After checking FedEx’s tracking website, I saw that they tried to deliver the boxes on Christmas Eve, then again on the 28th and today, the 29th. I arrived home yesterday from the Keys around 5pm, so while enroute, I called fedex to have hen hold the packages at the local facility.

When I got to FedEx, they found the smaller package, but insisted it was the only one. “Hmm, usually they ship them together. Guy said, “if there were two, there would be a ‘1 of 2’ on the label.”

“You sure? Van’s charged me for shipping both packages.” (Although, you may remember that the tracking number online indicated only one package.)

“Positive.”

Huh.

When I got home, I checked the fedex exception slip on the door and sure enough, the driver indicated there were two packages. I drove back out to the FedEx place and pointed this out.

“Oh yeah, we saw another (bigger) package with ‘high dollar aircraft parts” on it, is that yours?”

Grrr.

He continued. “You should have said something when you were here before.”

Grrr.

I can’t complain too much, they tried to get me my tail kit on Christmas eve, so thank you to FedEx. Also, I’ll give Van’s some credit for beating their estimate.

Anyway, I got them home. Because I was gone for the last week, we did Christmas tonight. (Girlfriend, Jack (black lab/Italian greyhound), and Ginger (German shephard/American staffordshire terrier) all exchanged gifts.)

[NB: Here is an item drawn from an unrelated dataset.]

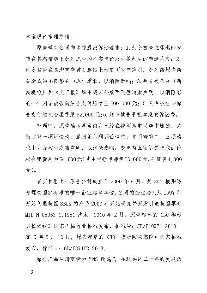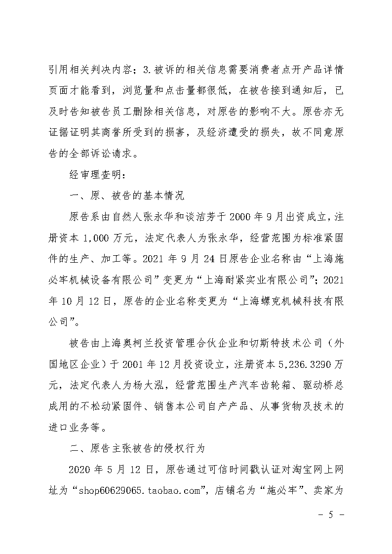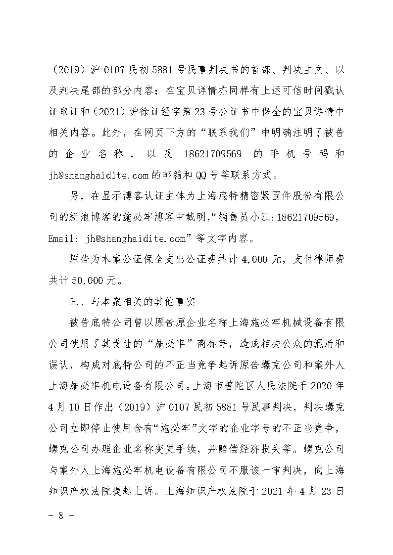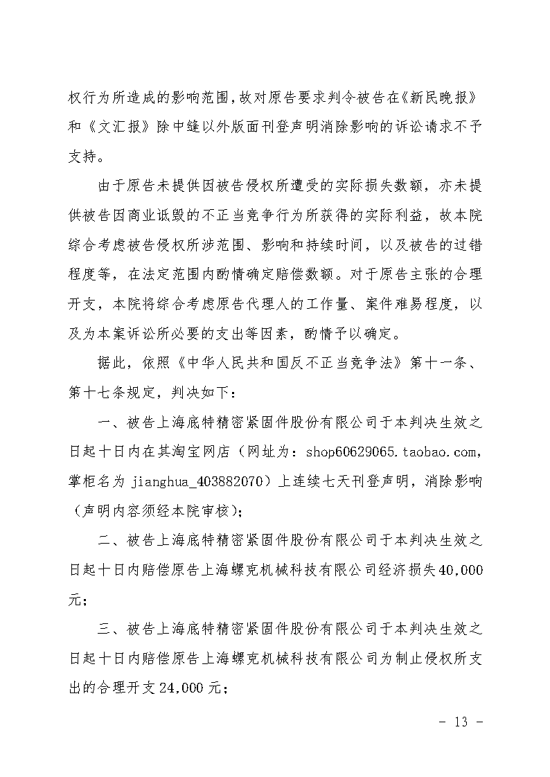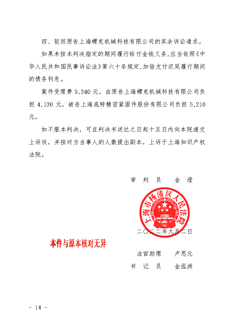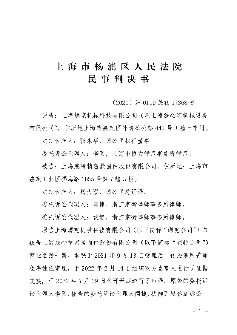 上海螺克機(jī)械科技有限公司狀告上海底特精密緊固件股份有限公司一審勝訴

I slapped a bow on each kit, and Jack gave me one, and Ginger gave me the other. Thanks, pups, for the gifts. (How did you guys wrap those boxes without any thumbs? “It was ruff,” Jack said. Ha. Dog joke.) I managed to get away with this because the girlfriend got a trip to a Central American country from Ginger, so the airplane was not a big deal.

Here are the two boxes on my workbench.

Boxes on the workbench.

Starting to unwrap everything. Not surprisingly, (from other builders sites), everyhing was well wrapped and packaged. Van’s delivers the tail kit in subkits, so you have to take out the subkits, unwrap those, then inventory.

Here are the first few subkits.

First few subkits

Here’s the stuff from the 1st subkit.

1st subkit unpacked

And the second subkit.

Second subkit

Here are the fiberglass tips (I can’t remember if this is the third subkit or not.)

Fiberglass empennage tips.

And all the paper from the small box alone…

Paper from just the small box.

Then my iphone died, so I kept unpacking and inventorying (verb?) until I could snap this picture of everything in the kit except the hardware.

Everything upacked, except hardware.

Here’s a picture of the hardware.

Here are the hardware bags.

And then all the paper from the whole kit. (I left the boxes out of the picture.)

That's a lot of paper.

Then I put everything away user my second workbench. Top shelf was horizontal parts on front, vertical parts on back. Middle shelf is elevator parts on front and rudder parts in back. Bottom shelf is skins. I left the hardware in bags for now, I need to stop by harbor freight tomorrow and pick up another storage bin.

Here’s my empty workbench, ready for the real start tomorrow. And here’s a picture of my second bench, with all the airplane parts in it.

Ready to go for tomorrow. Sorry about the weird angle.

I’m counting the inventory hours as build hours, because of the organization and learning part. Some people don’t count them, but I think it is an important part of the process. 1.5 hours.